A la mi-avril, le front du Heeres-Gruppe Afrika, qui regroupe 175 000 soldats germano-italiens, couvre un arc de cercle de 130 kilomètres de long, d’Enfidaville à la côte au nord-ouest de Bizerte. Cette ligne est toutefois relativement facile à défendre et Alexander doit préparer une attaque en règle interalliée, l’opération Vulcan. Eisenhower dispose de 500 000 hommes, dont 300 000 combattants, et 1 400 chars, parfaitement ravitaillés. La supériorité numérique alliée est donc écrasante. Anderson entend au préalable s’assurer d’une excellente base de départ et donc de s’emparer de plusieurs hauteurs d’importance, de Massicault à El Bathan, et en particulier de Longstop Hill et des éminences qui l’entourent dont le contrôle prive les Britanniques de l’usage de la meilleure route de ravitaillement jusqu’à Medjez-el-Bab. Le V Corps d’Allfrey établit donc avec soin des plans pour une opération qui reçoit pour nom de code Sweep. La tâche, confiée à une 78th ID renforcée, s’annonce ardue et le plan de feu, impliquant 130 pièces de 25 pounder, 35 de 5,5 inch et 12 de 7,2 inch, est soigneusement étudié. Les opérations préliminaires sont lancées le 28 mars par la 46th ID et la 1st Parachute Brigade dans l’intention d’attirer l’attention des Allemands plus au nord. L’attaque s’avère être un franc succès puisqu’elle attire les réserves d’Arnim, tout en permettant la reprise du terrain concédé au cours d’Ochsenkopf, ainsi que la conquête attendue du Djebel Abiod.
Sweep est lancée dans la nuit du 6 au 7 avril par une 78th ID endurcie et aguerrie par cinq mois passés en première ligne.
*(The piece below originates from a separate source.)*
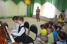 Сегодня детский сад “Солнышко” принял гостей из музыкальной школы. Перед воспитанниками выступили учащиеся 1-5 классов под руководством преподавателя по классу фортепиано Жемаловой Т.П. В концертную программу были включены произведения следующих композиторов: Ф.Госсек, И.Гайдна, Л.Бетховена, А.Руббах. Живая музыка проникла в детские сердца и оставила огромные впечатления.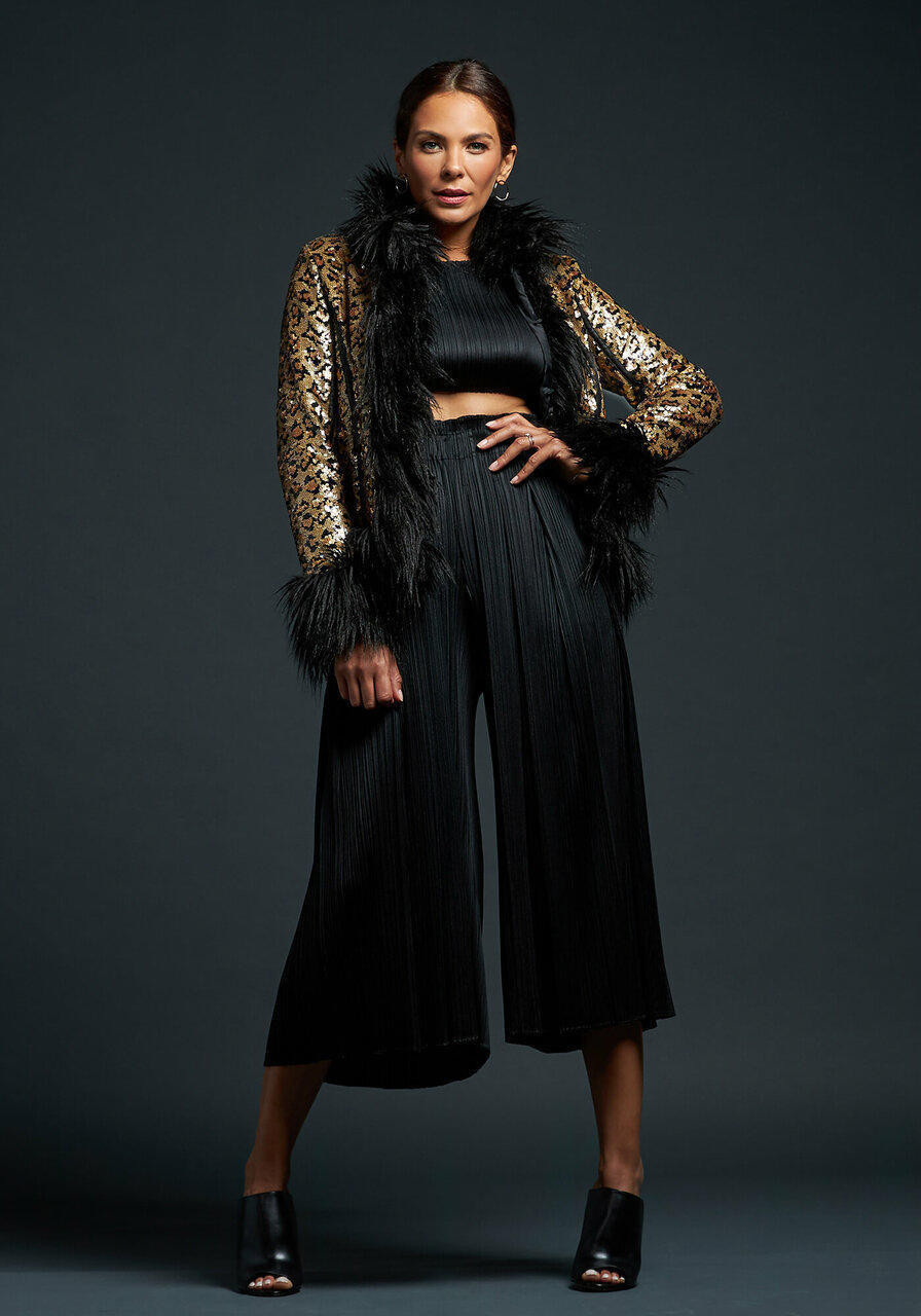 If sequins and racing stripes perfectly match your wry fashion sense, our "Gold-Digger" jacket is YOU! And if liquid sequins exist, they live in the subtle Leopard spots on this amazingly supple and soft 24" jacket. On a soft Champagne Gold ground, Black spots are ironically juxtaposed with graphic Black leather--vegan, naturally--emphasizing  body-skimming princess seams, both front and back. Black Tibetan Lamb trims the center fronts, hem and sleeves edges and is repeated on the face-framing standup collar. With hook & ring closures, fronts meet rather than lap for a bulk-free body-conscious silhouette. Pockets concealed in front princess seams further ensure a sleek look. The fun little jacket you'll wear with confidence to the stuffiest black tie event, is also perfect with dark denim and boots for drinks and dinner at that casual new bistro.

Parmi les soutiens de poids dont bénéficie la division, la 25th Independant Tank Brigade et ses Churchill Mk III. Puissamment blindés, capables de se frayer un chemin par lequel nul autre char n’est capable de progresser, ce tank tient un rôle primordial dans la bataille, de même que les mules rassemblées pour assurer la logistique et la puissance de feu des formations de la Royal Artillery rassemblées en soutien. Si les Allemands manquent d’artillerie, leurs mortiers constituent un palliatif redoutable d’efficacité. Ils sont par ailleurs solidement retranchés dans la roche, protégés par des mines et des barbelés, ainsi que par des nids de MG disposés à profusion. Les affrontements sur des kilomètres sur ces hauteurs désolées vont s’éterniser pendant plus de quinze jours, la poussée étant confrontée à de violentes contre-attaques allemandes. Le Djebel el Ang et le Djebel Bettiour sont particulièrement disputés, tandis que le Djebel Tanngoucha, atteint une première fois le 16 avril, et dont le contrôle assurerait la prise du village fortifié de Heidous, n’est conquis par le Royal Irish Fusiliers que le 25 du mois. Solidement retranchés, les Allemands ne cèdent qu’à l’issu d’engagements particulièrement âpres, jetant leurs maigres ressources dans la mêlée, tel un bataillon de la 999. Leichte-Afrika-Division à peine débarqué en Tunisie. In fine, l’apparition inattendue des Churchill permet aux Britanniques d’emporter la décision à chaque combat. Les Allemands ne faiblissent pourtant pas. Le 29 avril, opérant avec le 5./734 au nord de la vallée de la Medjerda, deux Panzer IV de la 3. Kp./ Pz.Rgt HG, repoussent un unité d’infanterie britannique au-delà d’une crête qu’elle avait conquise. Exploit renouvelé face à 18 tanks le lendemain.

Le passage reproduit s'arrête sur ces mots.